Access control electronics for wireless locks
Abstract
Access control electronics for wireless locks comprise one or more battery operated radios that receive access control codes. The wireless accessed locks locate the electronic components, circuits, sensors and antennas and many of the lock components away from the container being secured and closer to the operator/user. The disclosed access control electronics combine a proximity detection circuit comprising sensor pads and a capacitive sensing circuit and one or more short-range radio frequency antennas for reading RFID devices. The proximity sensor pads are in close proximity with the antennas, without the antennas interfering with the proximity sensing process, and the sensor pads to not attenuate the signals between the RFID devices and the antennas after the RFID devices are detected.
Claims
exact text as granted — not AI-modified1 . Access control electronics for wireless locks comprising:
a processor; a periodically enabled proximity detection circuit for detecting a user presenting a wireless transmitting device; a first circuit temporarily enabled for reading the wireless transmitting device; a second circuit temporarily enabled for reading the wireless transmitting device.

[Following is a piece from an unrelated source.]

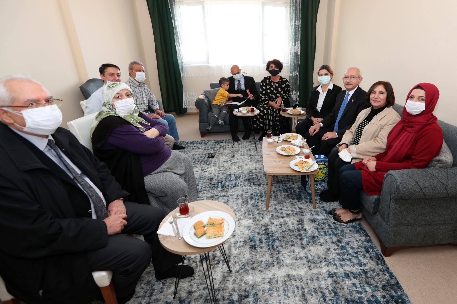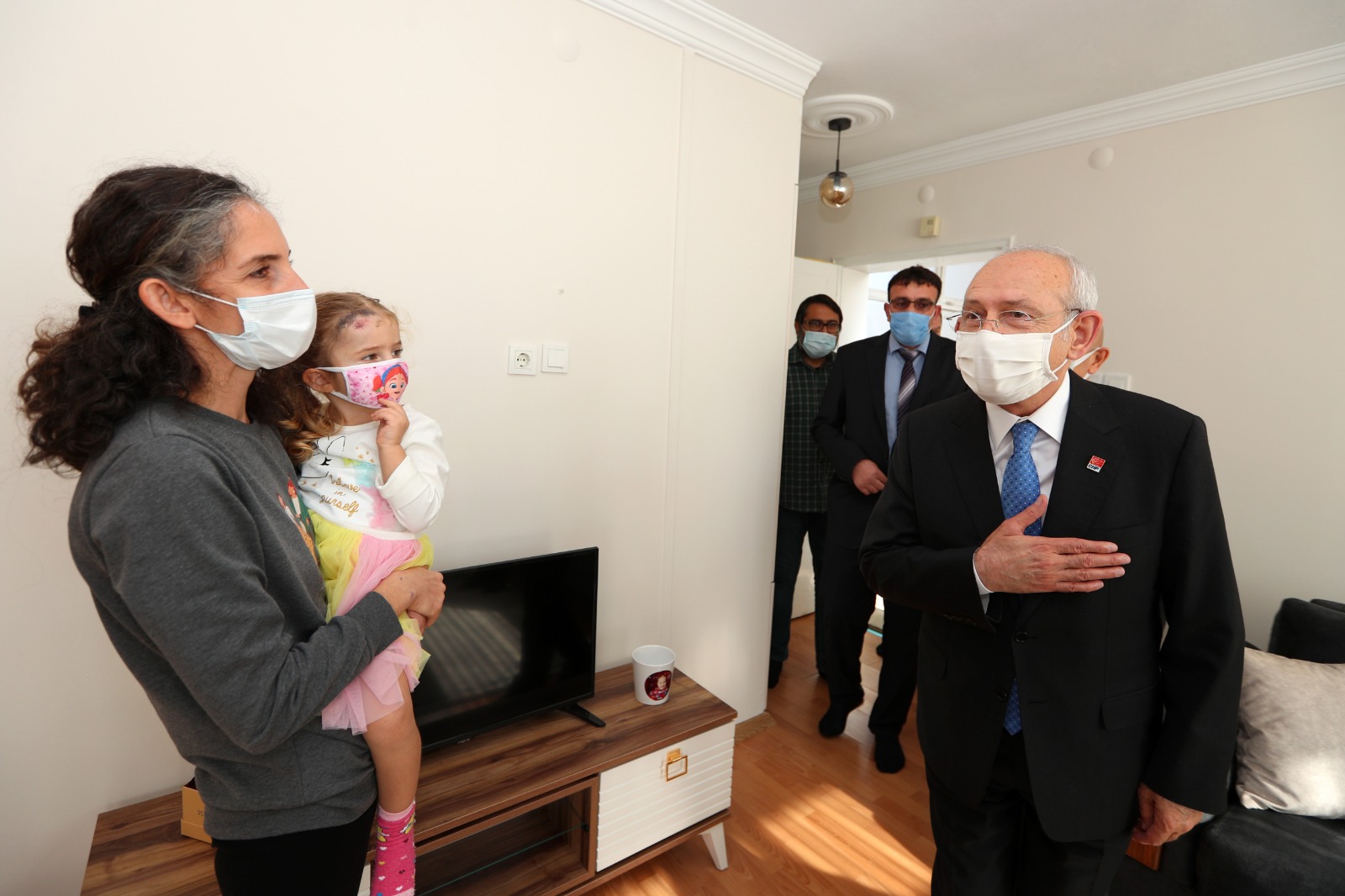 Kılıçdaroğlu’na depremzedelerden Türkyıldırım ve Albayrak ailelerini ziyaretinde pandemi önlemleri nedeniyle yalnızca eşi Selvi Kılıçdaroğlu, CHP Genel Sekreteri Selin Sayek Böke, İzmir Büyükşehir Belediye Başkanı Tunç Soyer, eşi Neptün Soyer ve Karabağlar Belediye Başkanı Muhittin Selvitopu eşlik etti. Ziyarette, Kılıçdaroğlu depremzedelere geçmiş olsun dileklerini iletti, çocuklara da oyuncak hediye etti.

2 . The access control electronics of claim 1 , wherein the periodically enabled proximity detection circuit comprises at least one proximity sensor pad and a capacitive sensing circuit.
3 . The access control electronics of claim 1 , wherein the first circuit comprises a short-range radio frequency antenna configured for a frequency of 125 KHz.
4 . The access control electronics of claim 1 , wherein the second circuit comprises a short-range radio frequency antenna configured for a frequency of 13.56 MHz.
5 . (canceled)
6 . The access control electronics of claim 1 , further comprising a battery for powering the access control electronics.
7 . The access control electronics of claim 1 , wherein the periodically enabled proximity detection circuit and the first circuit are in close proximity.
8 . The access control electronics of claim 7 , wherein the periodically enabled proximity detection circuit and the second circuit are co-planar.
9 . The access control electronics of claim 7 , wherein the periodically enabled proximity detection circuit and the first circuit are on adjacent parallel planes.
10 . (canceled)
11 . The access control electronics of claim 1 , wherein the periodically enabled proximity detection circuit, the first circuit and the second circuit each define a customizable detection range and detection angle.
12 . The access control electronics of claim 11 , wherein the detection range and detection angle of the periodically enabled proximity detection circuit differ from the detection range and the detection angle of the first circuit and the second circuit.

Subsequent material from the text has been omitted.